> TASK OBJECTIVE:
Transcribe, exactly and without pictures, the lines below from the line with "najlepiej czarnym, kolorem" to the line with "油絵の具で服・カーテン・ラグを汚してしまった実体験をもとに、", both ends included, and no others.

> RECORDED INFORMATION:
┌────────

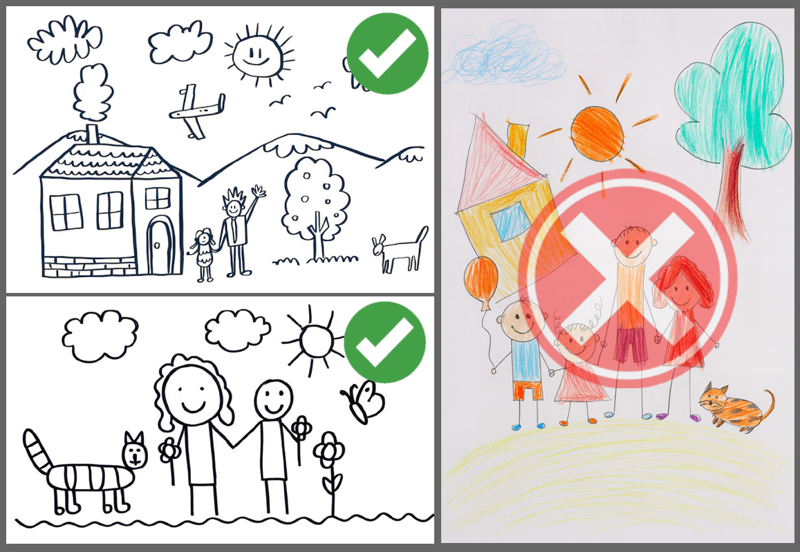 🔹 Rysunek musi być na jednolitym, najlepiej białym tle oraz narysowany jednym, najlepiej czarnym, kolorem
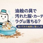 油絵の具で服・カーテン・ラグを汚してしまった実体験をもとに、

└────────
┌────────

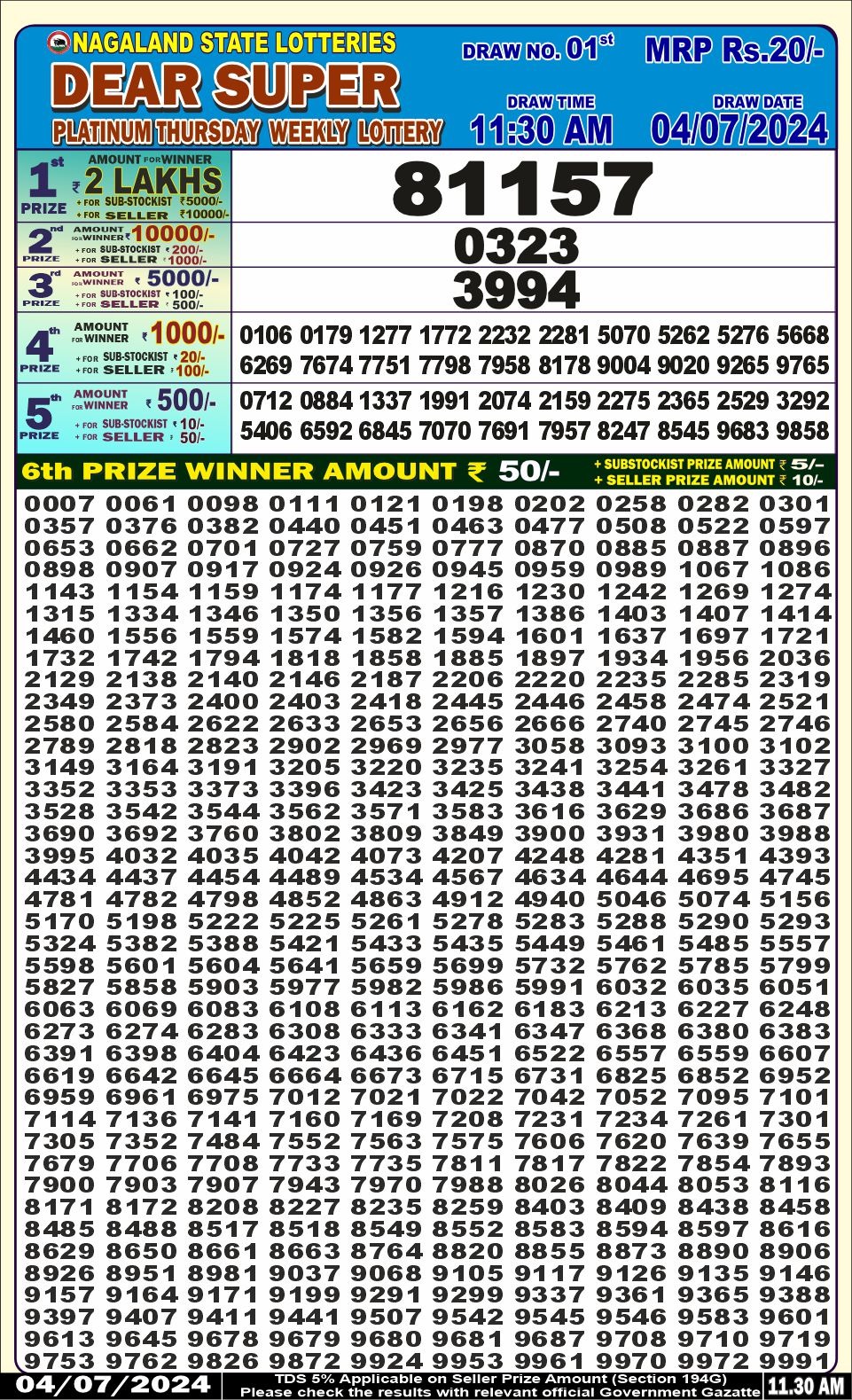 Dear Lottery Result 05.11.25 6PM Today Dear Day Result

└────────
┌────────

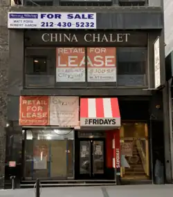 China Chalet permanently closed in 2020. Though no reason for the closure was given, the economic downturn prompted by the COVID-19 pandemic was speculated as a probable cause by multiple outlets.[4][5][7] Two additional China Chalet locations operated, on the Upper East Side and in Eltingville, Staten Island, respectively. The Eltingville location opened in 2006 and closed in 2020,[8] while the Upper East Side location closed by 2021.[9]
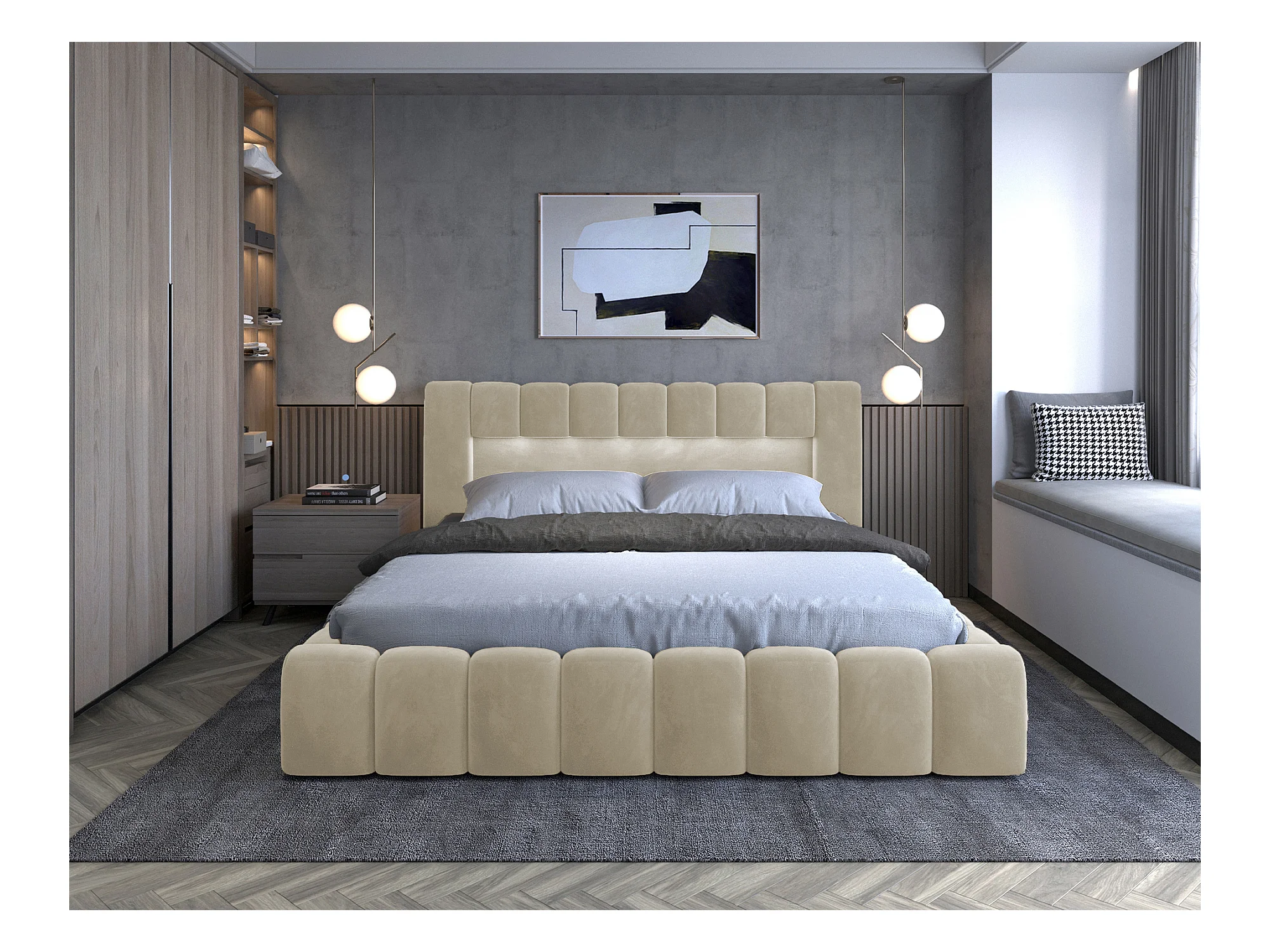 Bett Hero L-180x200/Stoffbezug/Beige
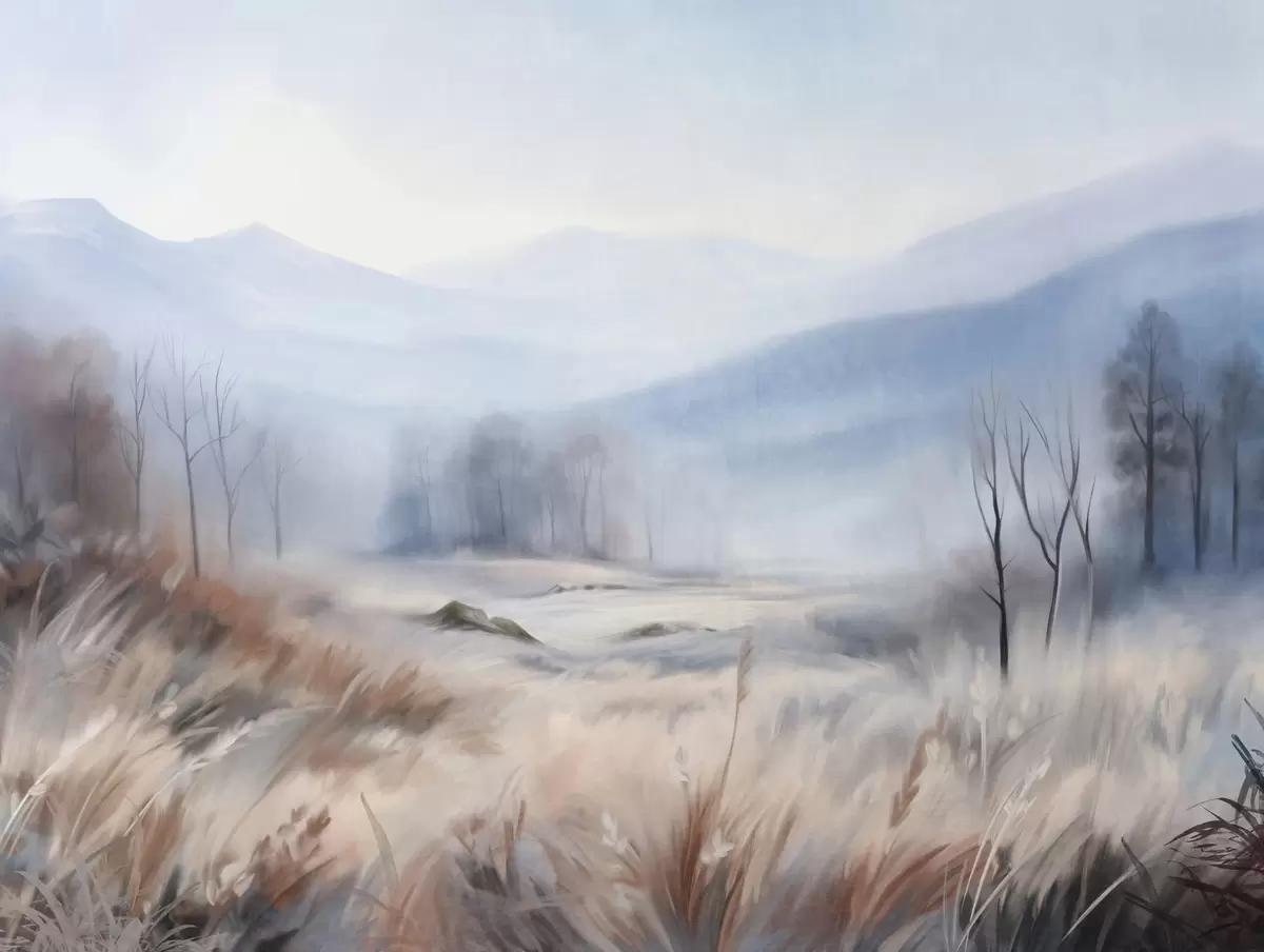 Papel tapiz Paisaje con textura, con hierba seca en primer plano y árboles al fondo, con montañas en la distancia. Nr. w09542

└────────

> WRITTEN REPLY:
 🔹 Rysunek musi być na jednolitym, najlepiej białym tle oraz narysowany jednym, najlepiej czarnym, kolorem
 油絵の具で服・カーテン・ラグを汚してしまった実体験をもとに、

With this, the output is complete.